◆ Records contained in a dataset
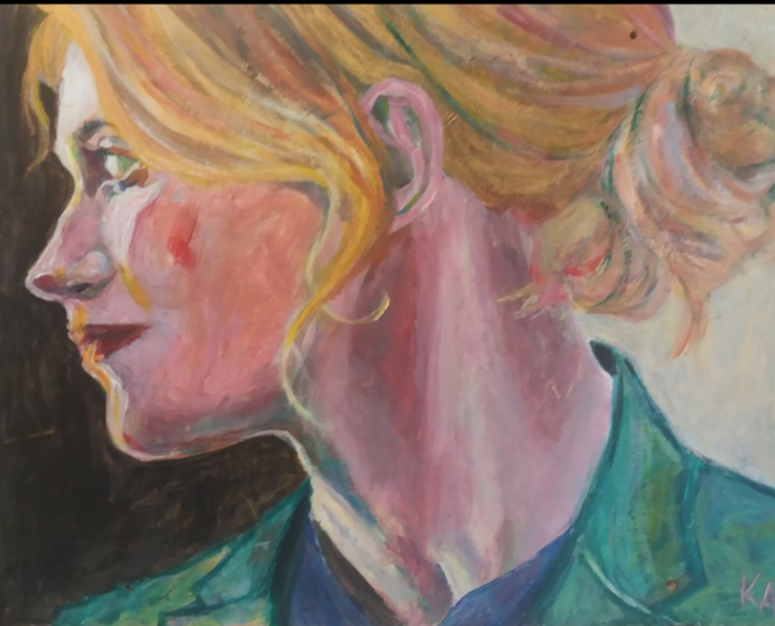
Golden girl acrylics on wood, 2017
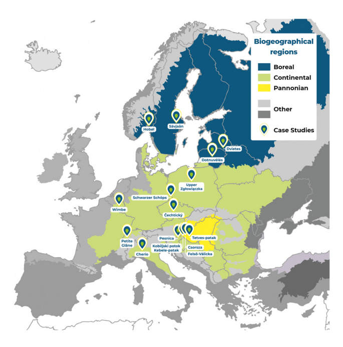
Figure 2. Biogeographical regions covered by the OPTAIN project (boreal, continental, Pannonian) and location of the 14 case studies. European Environment Agency base map [54] with grey-scale colouring for the biogeographical regions not addressed in OPTAIN ('other').
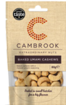
Baked Umami Cashews
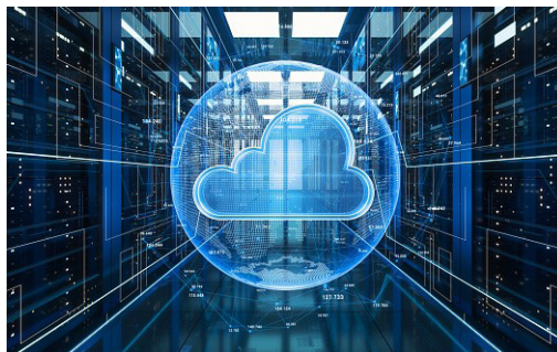
Figure 1.1: Cloud computing

You could still manage the storage with extra hard disk drives (HDDs) and solid-state drives (SSDs) till you go beyond a certain point. But soon, what you might realize is that buying more stuff corresponds to more costs not only in terms of purchase but maintenance as well because you will now need a technical team to handle the disaster/fault recovery cases. Also, it is not always true that you utilize whatever you purchase to the fullest. This underutilization is another overhead. This is exactly the problem that a lot of tech companies often face as they install more and more servers on their premises. The following is a popular hologram of cloud computing (refer to Figure 1.1 ):
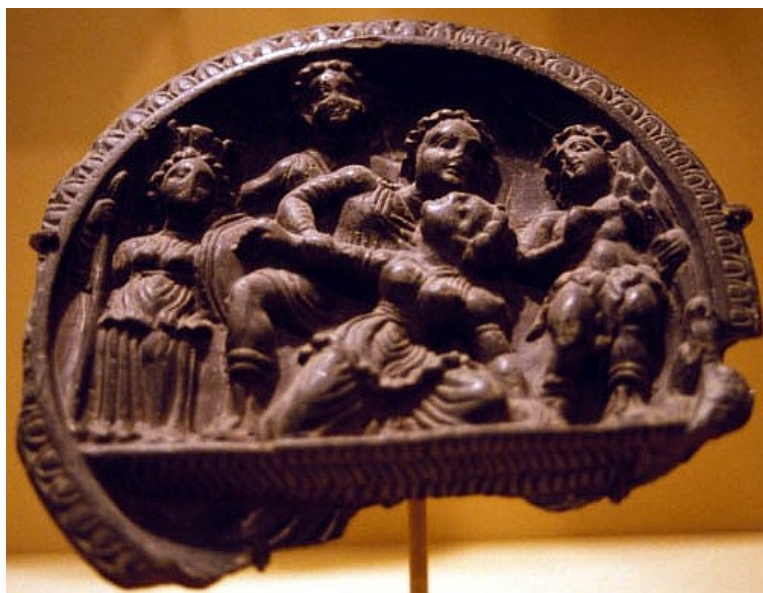
Gandhāran Palette ( Tabula Iliaca) with Achilles and Penthesilea. Metropolitan Museum of Art, New York.
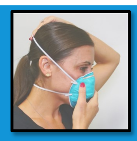
3. Pull the bottom strap over your head and place it around your neck, below your ears.
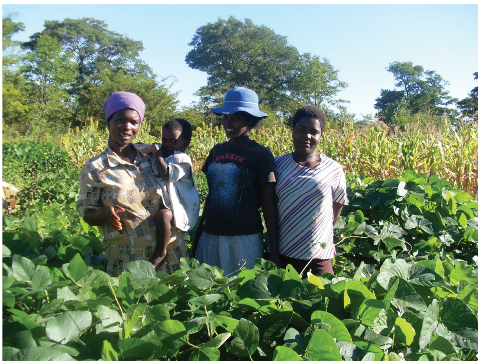
Figure 4.8 Family field of velvet bean ( Mucuna spp.) promoted for dry-season feeding of livestock, Gwanda district, Zimbabwe. While interest for Mucuna as a cover crop is limited, there is now a large uptake as feed with strong interest by women.
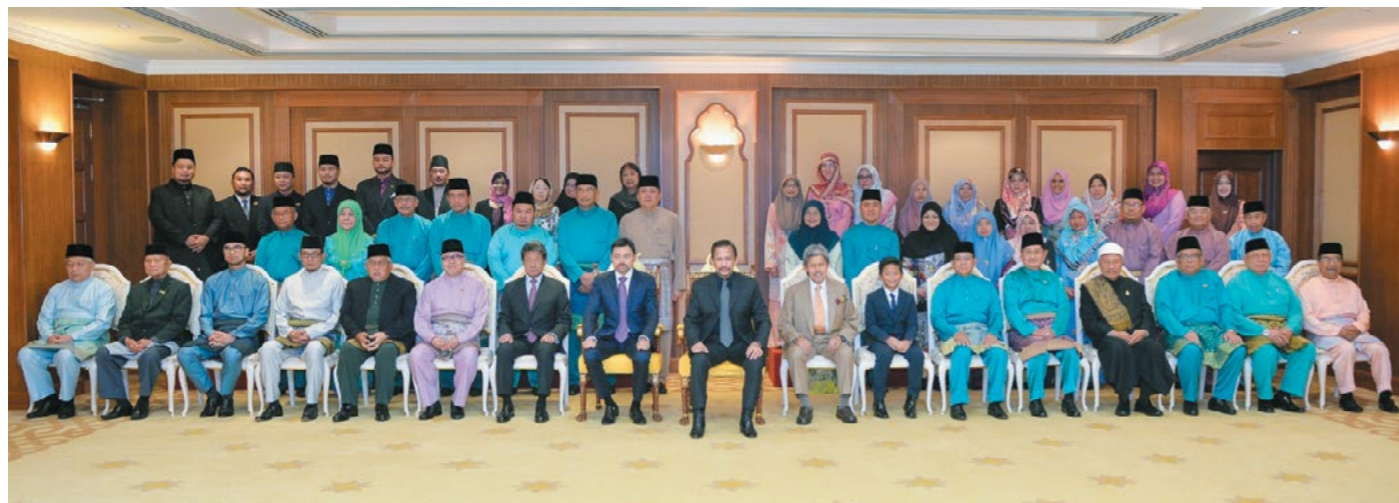
His Majesty, His Royal Highness Prince Haji Al-Muhtadee Billah, the Crown Prince and Senior Minister at the Prime Minister's Office; His Royal Highness Prince Mohamed Bolkihah; His Royal Highness Prince Haji Jefri Bolkihah and His Royal Highness Prince 'Abdul Wakeel in a group photo with the 26 th Teachers' Day Awards recipients as well as the Executive Committee of the event.

The Minister also said that the Ministry of Education (MOE) would continue to implement initiatives to improve the quality of teachers and all those involved in the country. One such initiative
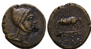
264 PONTOS, Amisos. Circa 109-89 BC. Æ Reference: Condition: Very Fine Weight: 10.3 gr Diameter: 23mm 1
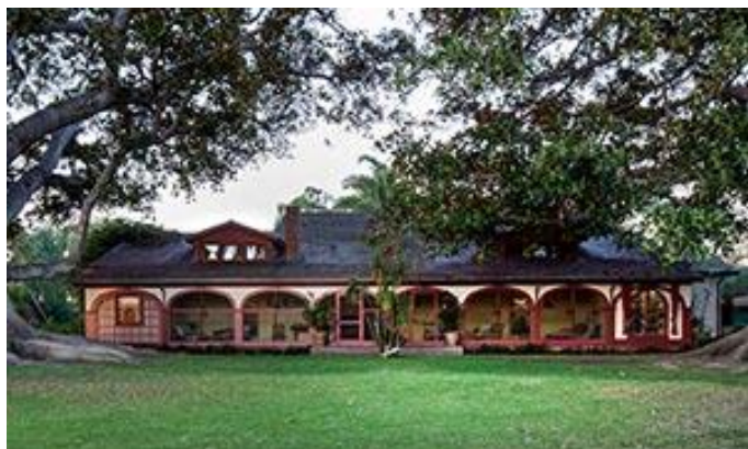
Rancho Los Alamitos ranch house
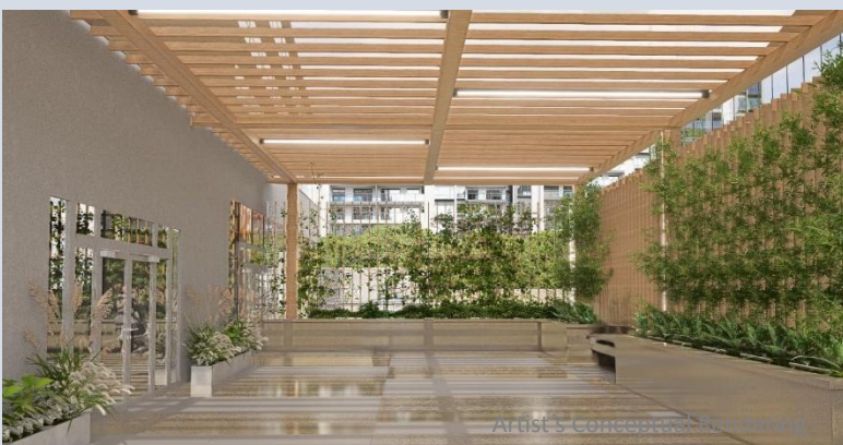
Entrance Plaza to East and West Blocks
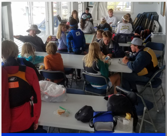
The club is packed at lunch time with juniors and sailing students

contains two of my favorite MBYC sailing events. First up is the Daysail-
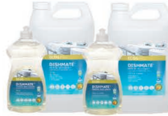
ECOS® Pro Dishmate® Manual Dish Liquid Pear and Free & Clear - 25 oz, 1 gallon, 5 gallon, 55 gallon
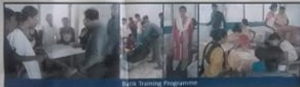
Basic Training Programme

The aims and objective of this programme is to encourage the fisher's families for the conservation of sea turtles and coastal biodiversity while continuing BCSL education and awareness programmes. However, it was identified that only awareness programmes not enough get the attention of the coastal communities. So we have initiated some welfare programme parallel to the awareness programmes in order to increase active participation of the communities.
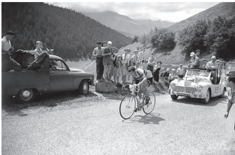
Louison Bobet during the 1955 Tour de France

Saint-Gaudens is one of the Pyrenean cities whose name rings a bell with cycling fans. Some of the greatest mountain stages in the Tour's history finished there, such as in 1955, when Louison Bobet put on the yellow jersey and kept it on for the rest of the race, allowing him to become the first man to win three Tours de France in a row. It was also after the start in Saint-Gaudens in 1976 that Joop Zoetemelk was relegated by Lucien Van Impe by more than 3 minutes and the latter took a firm option in Saint-Lary-Soulan on the overall victory.
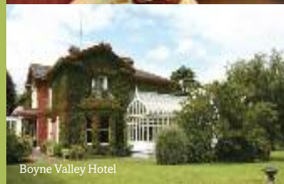
Boyne Valley Hotel
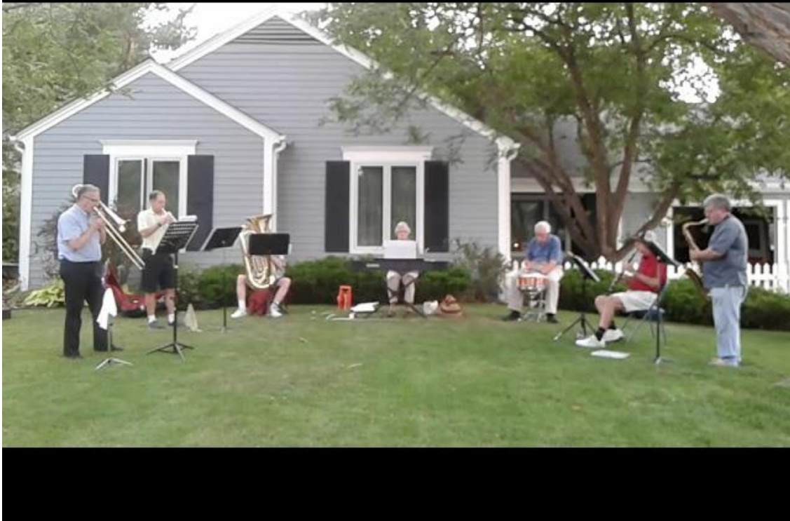
Nobody Knows the Trouble I've Seen performed by the Stover Street Stompers.

◆ WORK TO BE COMPLETED
A single figure is the whole answer here: the number of lines in the records above that include "Tour".

◆ PROBLEM SOLUTION
2